Efficacy and safety of factor Xa inhibitor antidote after acute intracerebral bleeding

In the phase 4 ANNEXA-I trial among patients with acute intracerebral hemorrhage who were taking a factor Xa inhibitor, andexanet alfa resulted in a higher rate of hemostatic efficacy compared with usual care. However, this benefit was accompanied by an increased thrombotic event rate.

This summary is based on the publication of Connolly SJ, Sharma M, Cohen AT, et al. - Andexanet for Factor Xa Inhibitor-Associated Acute Intracerebral Hemorrhage. N Engl J Med. 2024 May 16;390(19):1745-1755. doi: 10.1056/NEJMoa2313040

Introduction and methods

Background

Patients with an acute intracerebral hemorrhage who are taking factor Xa inhibitors have a risk of hematoma expansion, which is a predictor of poor outcomes [1,2]. Andexanet alfa is a modified recombinant inactive form of human factor Xa that rapidly reverses the anticoagulant effects of factor Xa inhibitors [3,4].
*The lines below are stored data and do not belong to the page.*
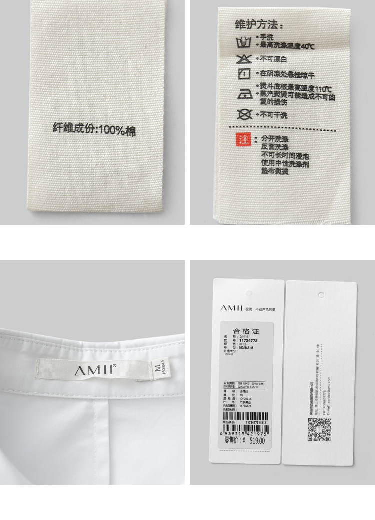| 洗涤标准: | 不可浸泡悬挂晾干不可干洗不可漂白110℃以下垫布熨烫40℃以下手洗 |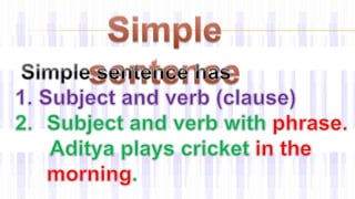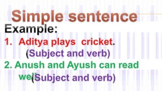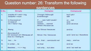 This document provides information about different types of clauses and sentences in English grammar. It defines independent clauses as main clauses that can stand alone as a complete sentence. Dependent clauses cannot stand alone and are part of a larger sentence. Complex sentences combine an independent clause with one or more dependent clauses using a subordinating conjunction. Compound sentences contain two independent clauses joined by a coordinating conjunction. The document gives numerous examples of simple, complex, and compound sentences and exercises to practice transforming between sentence types.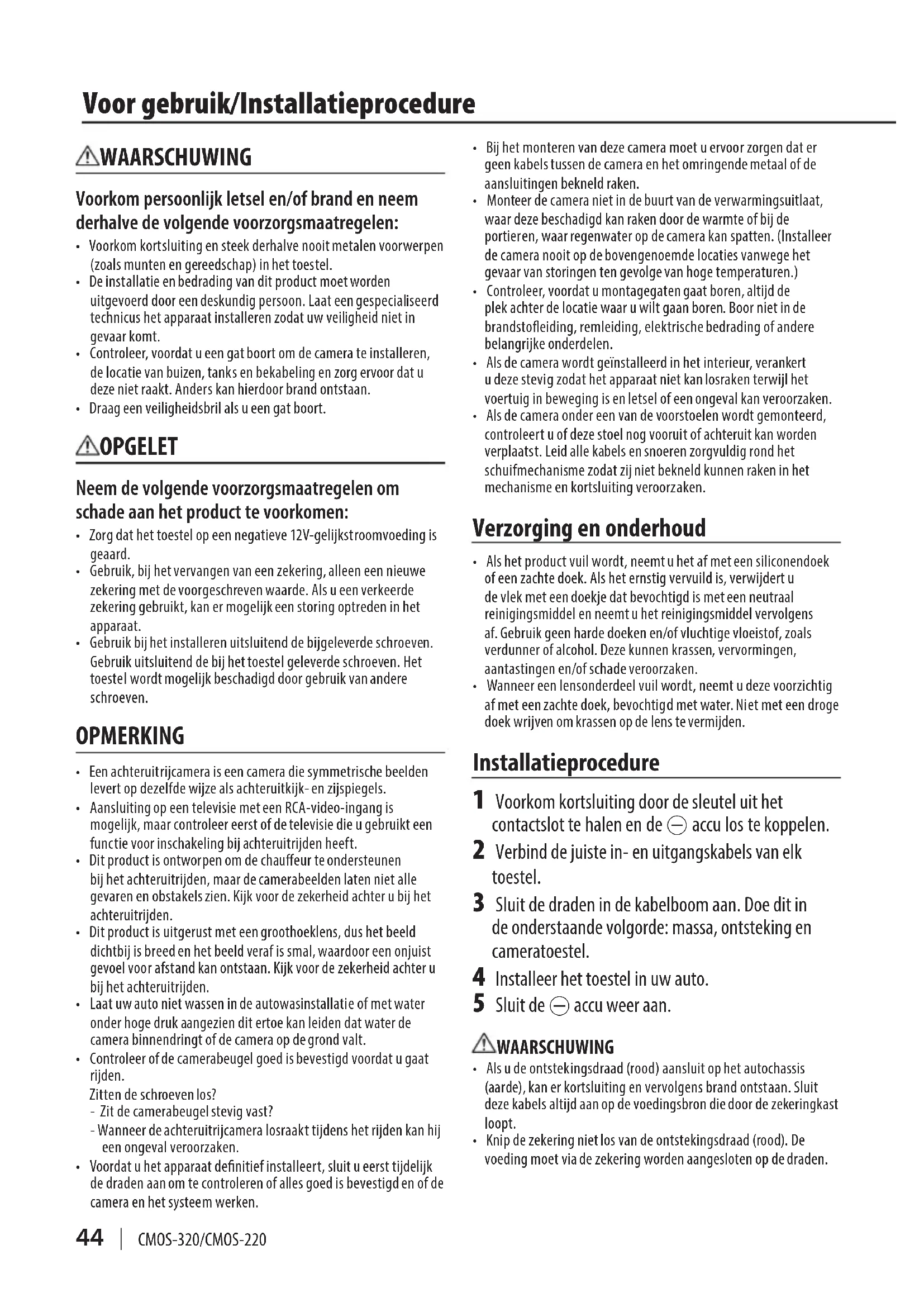 - Voordatuhetapparaatdenitiefinstalleert,sluitueersttijdelijk dedradenaanomtecontrolerenofallesgoedisbevestigdenofde cameraenhetsysteemwerken. Voor gebruik/Installatieprocedure LVT2720-001A.indb 44 14/02/14 15:12CMOS-320/CMOS-220

Previously, the ANNEXA-4 (Andexanet Alfa, a Novel Antidote to the Anticoagulation Effects of Factor Xa Inhibitors) trial, a phase 3b/4 single-group cohort study among patients with acute major bleeding at any site, showed that almost 80% of the patients treated with andexanet alfa achieved hemostatic efficacy and 10% had a thrombotic event [5,6].

Aim of the study

The authors assessed the efficacy and safety of andexanet alfa compared with usual care in patients who had been treated with a factor Xa inhibitor shorty before having an intracerebral hemorrhage.

Methods

The ANNEXA-I (A Randomized Clinical Trial of Andexanet Alfa in Acute Intracranial Hemorrhage in Patients Receiving an Oral Factor Xa Inhibitor) trial was a multicenter phase 4 RCT in which 530 patients with an acute intracerebral hemorrhage who had taken a factor Xa inhibitor ≤15 hours before were randomized to andexanet alfa or usual care. The trial ran from June 6, 2019, through May 27, 2023. Inclusion criteria included an estimated hematoma volume of 0.5–60 mL and a National Institutes of Health Stroke Scale (NIHSS) score ≤35 (NIHSS score ranges from 0 to 42, with higher scores indicating worse neurologic deficit). Patients with a subdural or subarachnoid hemorrhage as the main bleeding event were excluded.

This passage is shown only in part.